• What to produce
Your copy runs from the line containing "(Socket 12PT): 10-12-13-14-16-17MM" through the last line of the listing, both included. Restate those lines word for word and leave out pictures.

• Records to process
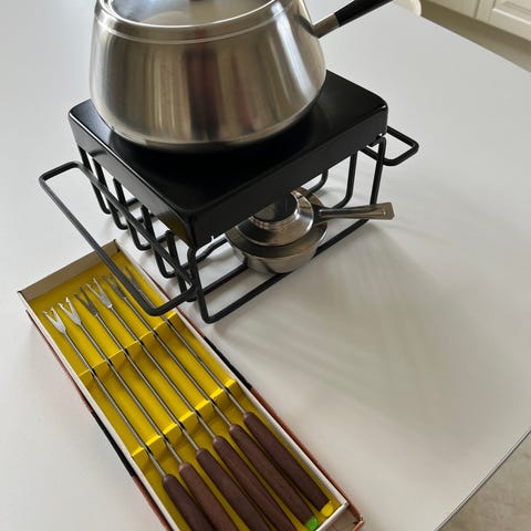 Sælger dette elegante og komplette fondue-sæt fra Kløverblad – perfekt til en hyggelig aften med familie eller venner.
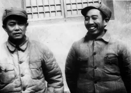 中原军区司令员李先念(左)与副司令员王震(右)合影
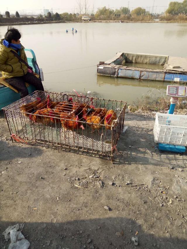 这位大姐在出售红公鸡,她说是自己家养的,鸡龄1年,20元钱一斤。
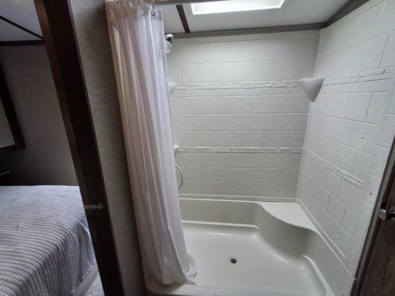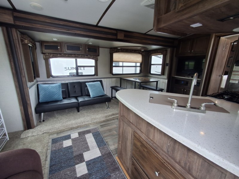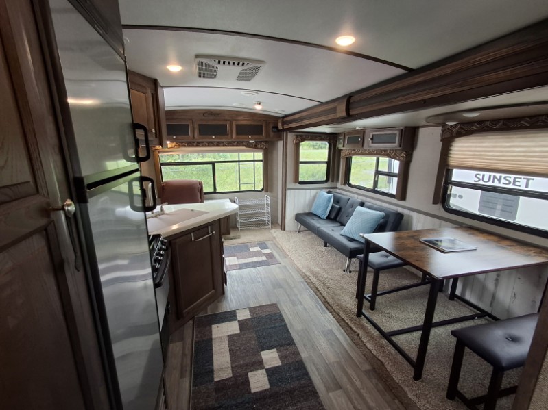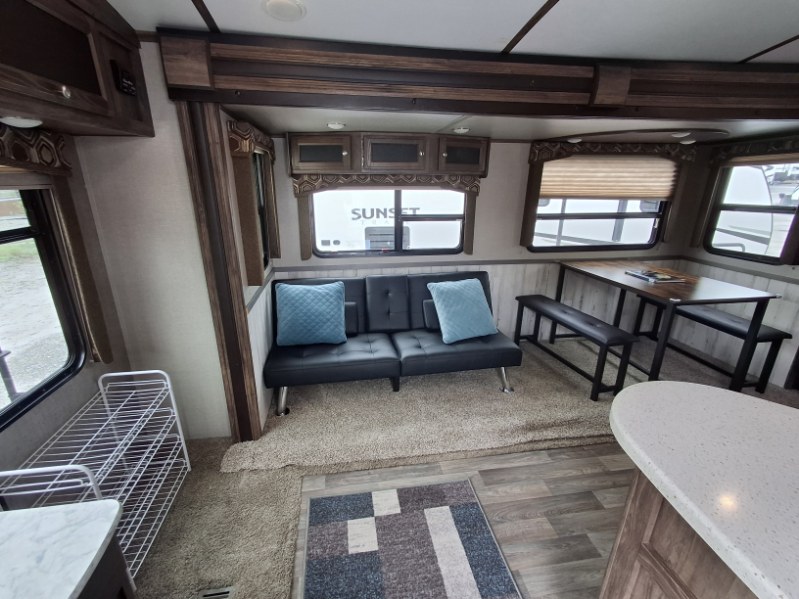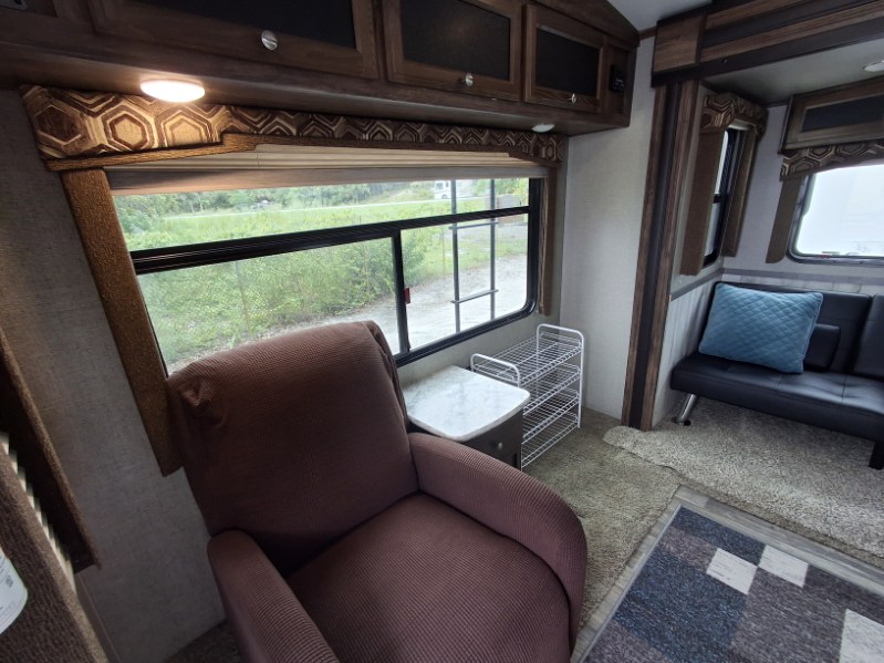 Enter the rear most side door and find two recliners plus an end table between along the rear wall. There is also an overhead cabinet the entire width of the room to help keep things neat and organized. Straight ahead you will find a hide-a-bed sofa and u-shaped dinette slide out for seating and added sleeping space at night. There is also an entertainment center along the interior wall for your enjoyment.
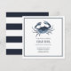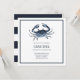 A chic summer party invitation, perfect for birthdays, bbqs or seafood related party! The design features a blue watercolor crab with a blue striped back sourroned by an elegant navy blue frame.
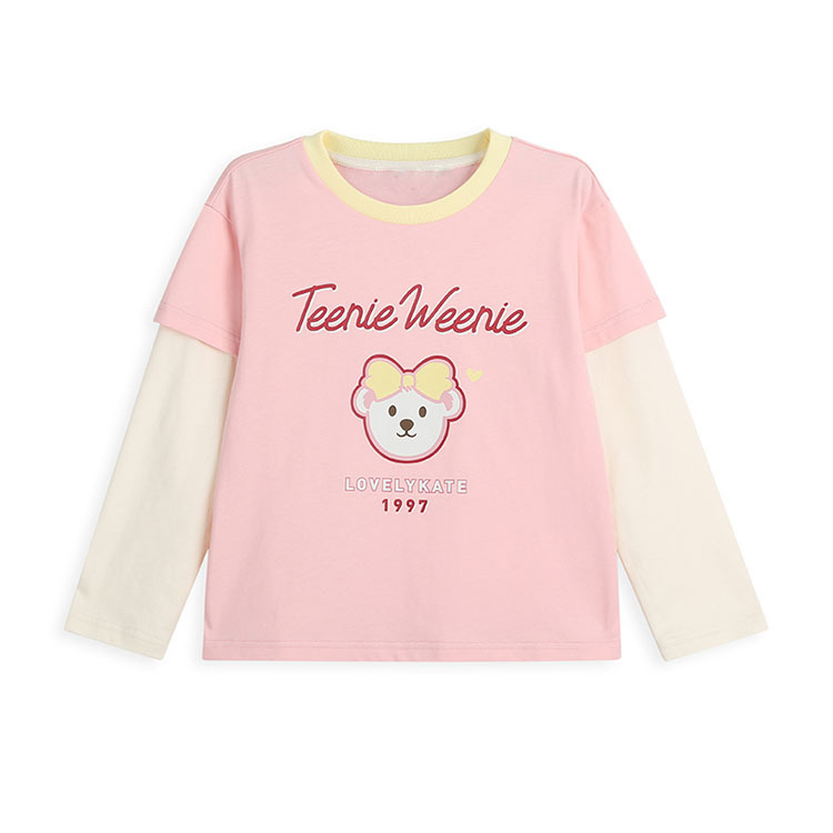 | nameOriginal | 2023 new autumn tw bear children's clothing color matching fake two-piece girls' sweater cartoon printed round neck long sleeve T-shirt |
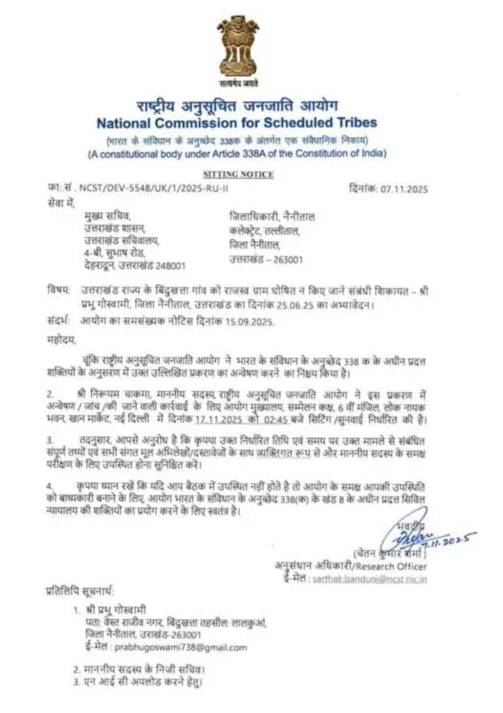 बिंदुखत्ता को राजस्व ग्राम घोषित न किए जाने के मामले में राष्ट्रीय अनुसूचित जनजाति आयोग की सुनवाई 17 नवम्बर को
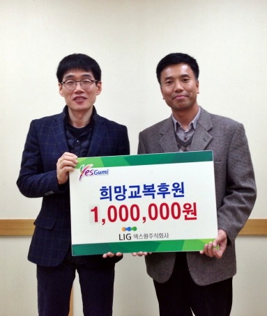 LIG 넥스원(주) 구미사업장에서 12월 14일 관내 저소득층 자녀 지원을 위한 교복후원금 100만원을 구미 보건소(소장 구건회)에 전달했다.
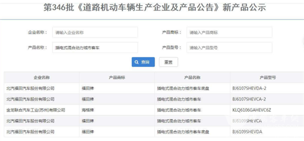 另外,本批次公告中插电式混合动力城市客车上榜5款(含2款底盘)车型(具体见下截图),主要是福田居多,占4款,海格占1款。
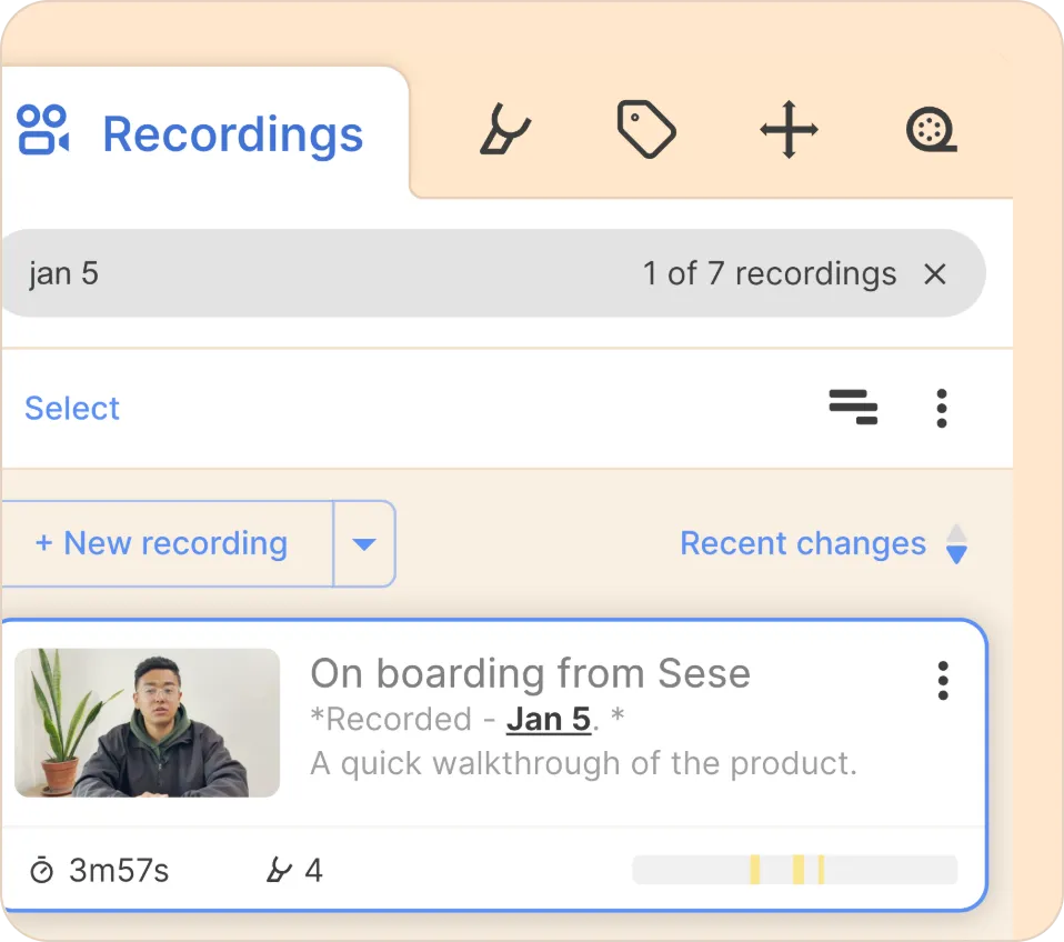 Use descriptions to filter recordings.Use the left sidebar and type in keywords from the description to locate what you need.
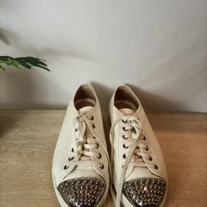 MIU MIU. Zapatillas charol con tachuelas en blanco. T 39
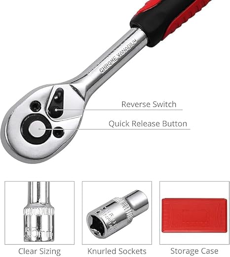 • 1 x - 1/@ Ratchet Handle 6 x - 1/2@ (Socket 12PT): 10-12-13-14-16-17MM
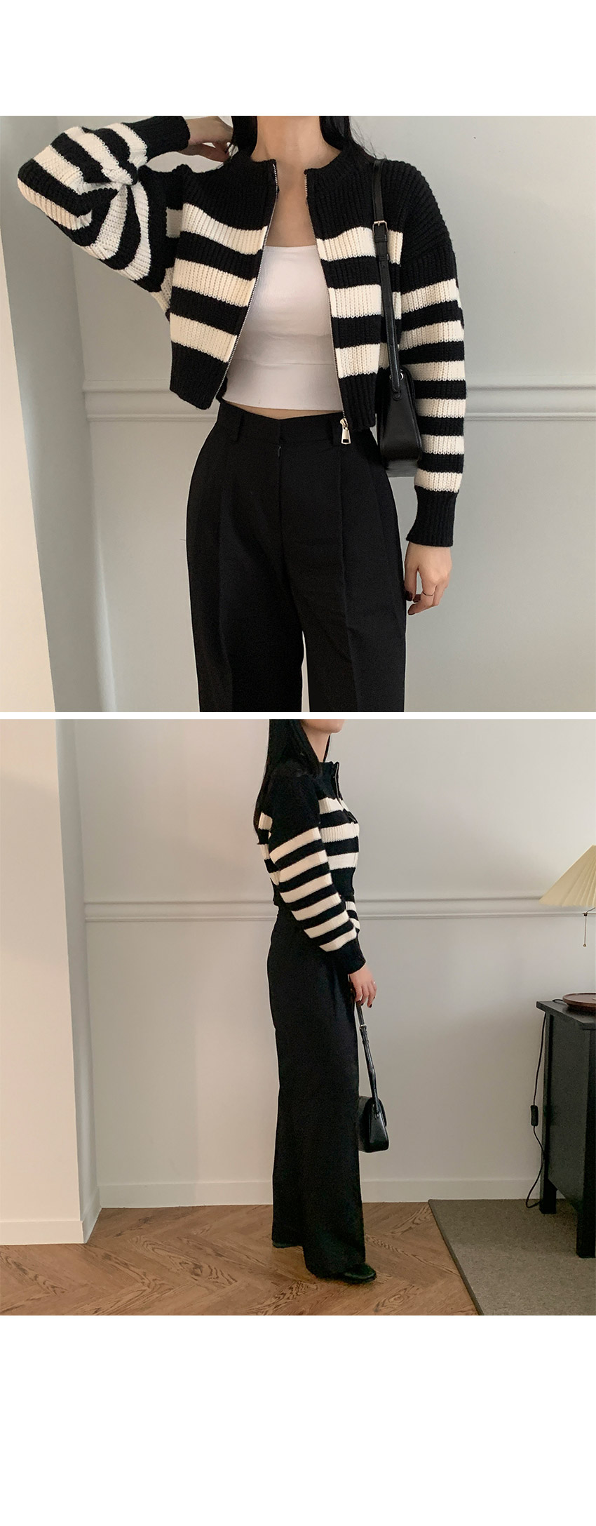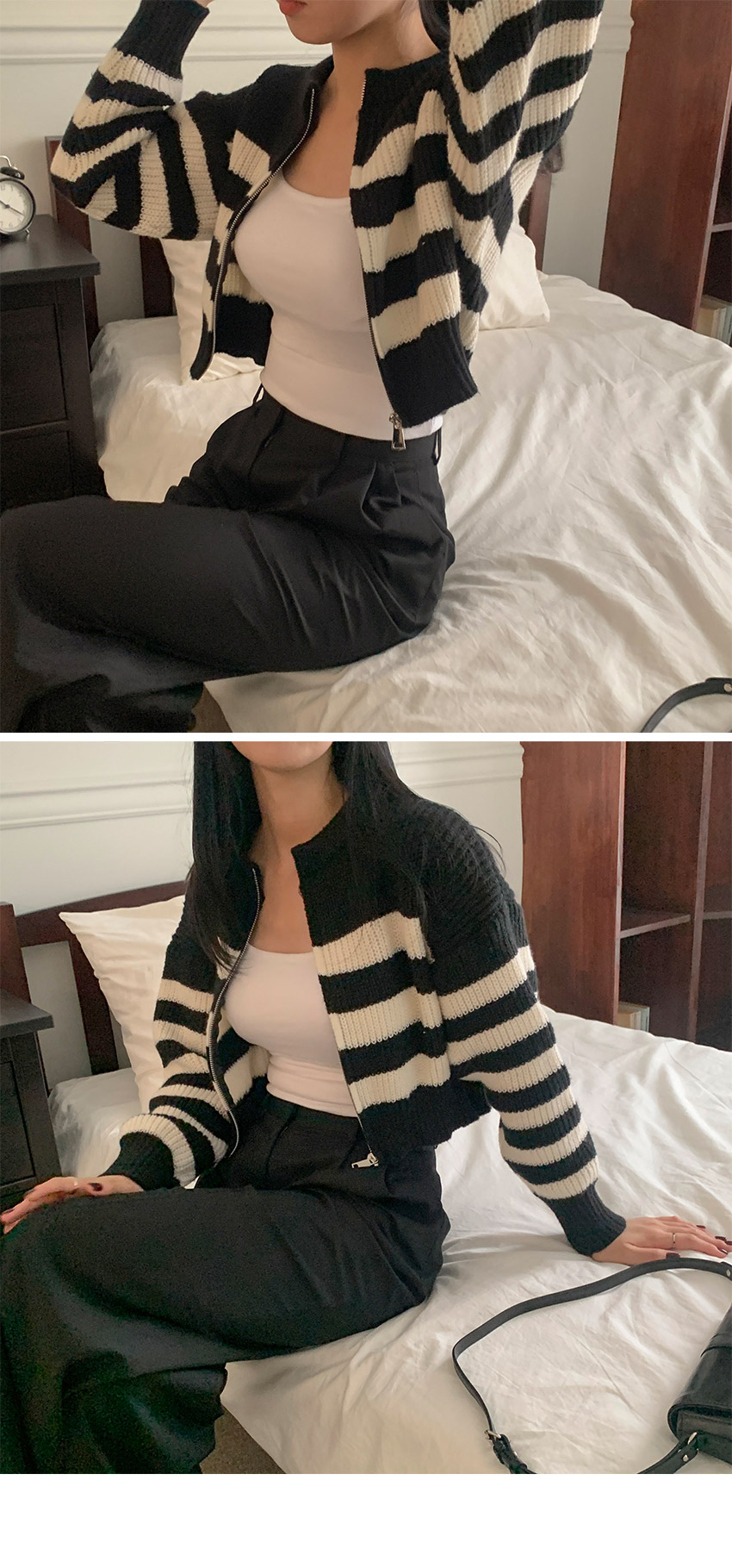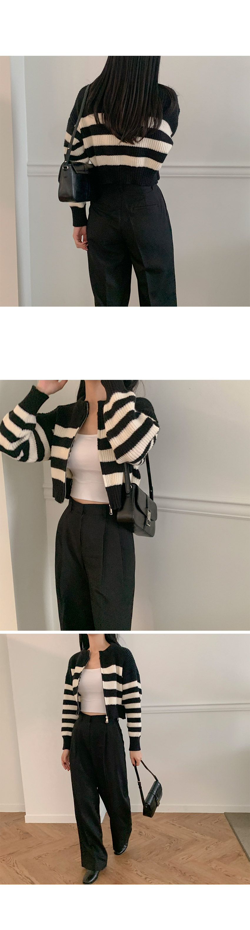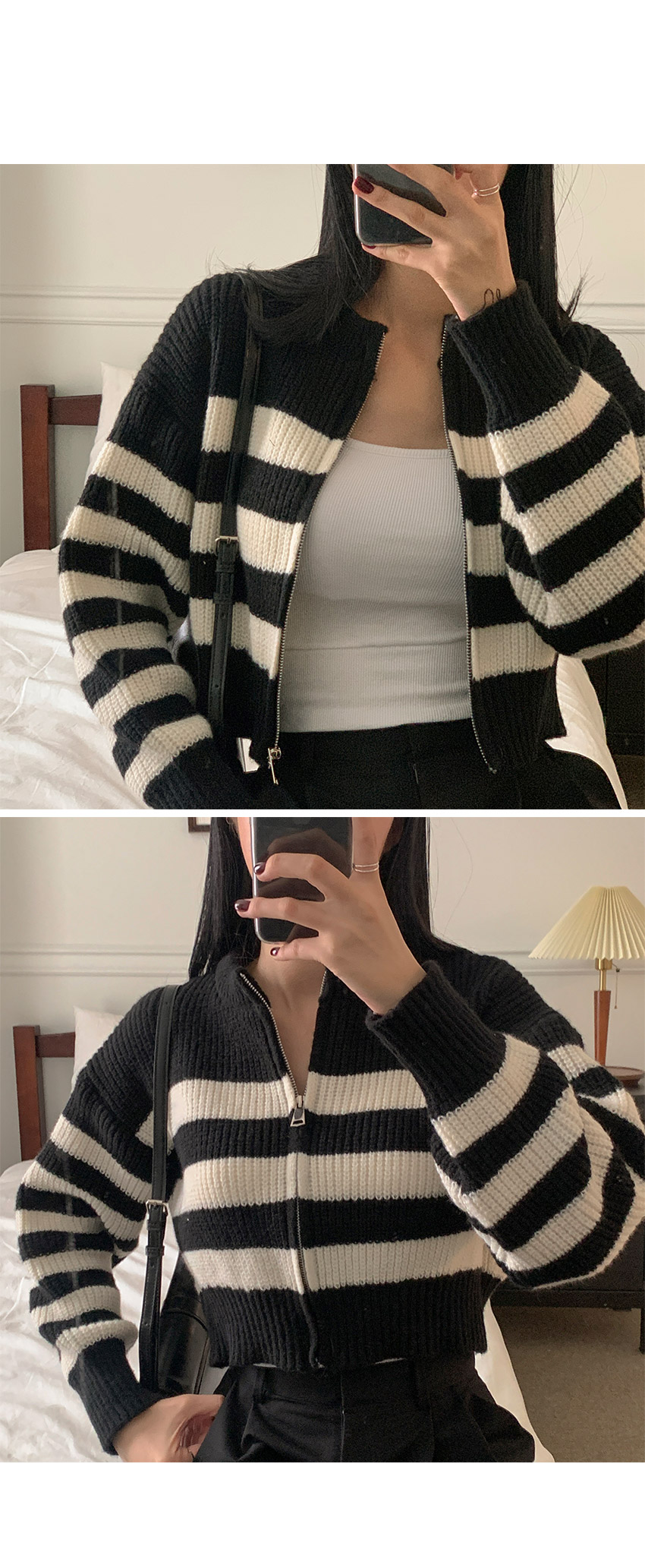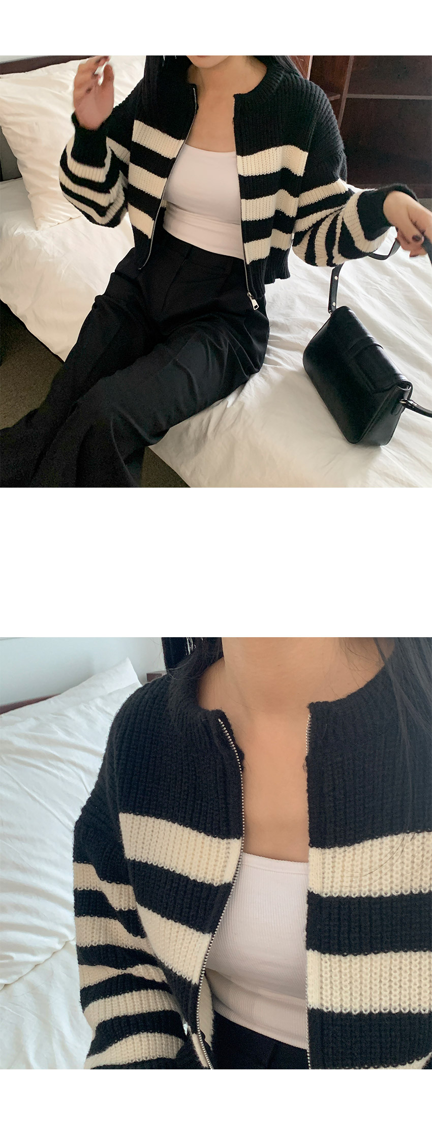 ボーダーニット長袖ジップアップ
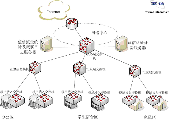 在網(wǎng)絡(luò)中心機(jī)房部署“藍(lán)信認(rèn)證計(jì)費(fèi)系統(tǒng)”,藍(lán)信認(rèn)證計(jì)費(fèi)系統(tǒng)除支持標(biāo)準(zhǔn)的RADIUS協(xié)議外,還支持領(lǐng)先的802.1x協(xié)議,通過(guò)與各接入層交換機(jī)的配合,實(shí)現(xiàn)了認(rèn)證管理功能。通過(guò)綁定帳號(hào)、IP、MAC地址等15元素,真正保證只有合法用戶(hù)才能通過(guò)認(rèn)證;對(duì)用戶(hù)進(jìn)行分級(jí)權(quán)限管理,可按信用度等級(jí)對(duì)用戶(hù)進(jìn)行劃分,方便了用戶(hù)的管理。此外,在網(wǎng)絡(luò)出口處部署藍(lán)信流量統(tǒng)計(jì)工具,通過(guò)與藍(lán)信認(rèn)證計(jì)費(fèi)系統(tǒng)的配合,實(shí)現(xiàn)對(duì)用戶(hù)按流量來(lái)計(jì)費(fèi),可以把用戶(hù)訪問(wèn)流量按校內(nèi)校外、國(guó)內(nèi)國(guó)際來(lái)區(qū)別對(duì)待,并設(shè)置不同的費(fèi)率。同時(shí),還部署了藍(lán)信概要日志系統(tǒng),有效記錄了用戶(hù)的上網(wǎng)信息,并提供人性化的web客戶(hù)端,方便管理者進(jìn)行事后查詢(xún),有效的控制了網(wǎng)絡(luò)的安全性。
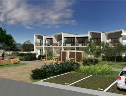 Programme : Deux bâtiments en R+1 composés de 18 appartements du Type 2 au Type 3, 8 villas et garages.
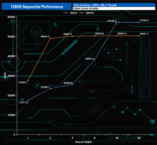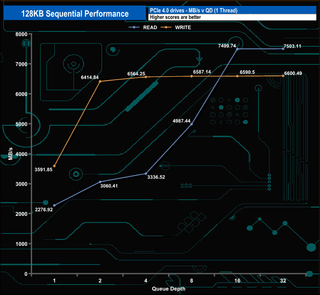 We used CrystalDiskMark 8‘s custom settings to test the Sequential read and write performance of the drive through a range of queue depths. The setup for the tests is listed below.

• Answer section
 • 1 x - 1/@ Ratchet Handle 6 x - 1/2@ (Socket 12PT): 10-12-13-14-16-17MM
 ボーダーニット長袖ジップアップ
 在網(wǎng)絡(luò)中心機(jī)房部署“藍(lán)信認(rèn)證計(jì)費(fèi)系統(tǒng)”,藍(lán)信認(rèn)證計(jì)費(fèi)系統(tǒng)除支持標(biāo)準(zhǔn)的RADIUS協(xié)議外,還支持領(lǐng)先的802.1x協(xié)議,通過(guò)與各接入層交換機(jī)的配合,實(shí)現(xiàn)了認(rèn)證管理功能。通過(guò)綁定帳號(hào)、IP、MAC地址等15元素,真正保證只有合法用戶(hù)才能通過(guò)認(rèn)證;對(duì)用戶(hù)進(jìn)行分級(jí)權(quán)限管理,可按信用度等級(jí)對(duì)用戶(hù)進(jìn)行劃分,方便了用戶(hù)的管理。此外,在網(wǎng)絡(luò)出口處部署藍(lán)信流量統(tǒng)計(jì)工具,通過(guò)與藍(lán)信認(rèn)證計(jì)費(fèi)系統(tǒng)的配合,實(shí)現(xiàn)對(duì)用戶(hù)按流量來(lái)計(jì)費(fèi),可以把用戶(hù)訪問(wèn)流量按校內(nèi)校外、國(guó)內(nèi)國(guó)際來(lái)區(qū)別對(duì)待,并設(shè)置不同的費(fèi)率。同時(shí),還部署了藍(lán)信概要日志系統(tǒng),有效記錄了用戶(hù)的上網(wǎng)信息,并提供人性化的web客戶(hù)端,方便管理者進(jìn)行事后查詢(xún),有效的控制了網(wǎng)絡(luò)的安全性。
 Programme : Deux bâtiments en R+1 composés de 18 appartements du Type 2 au Type 3, 8 villas et garages.
 We used CrystalDiskMark 8‘s custom settings to test the Sequential read and write performance of the drive through a range of queue depths. The setup for the tests is listed below.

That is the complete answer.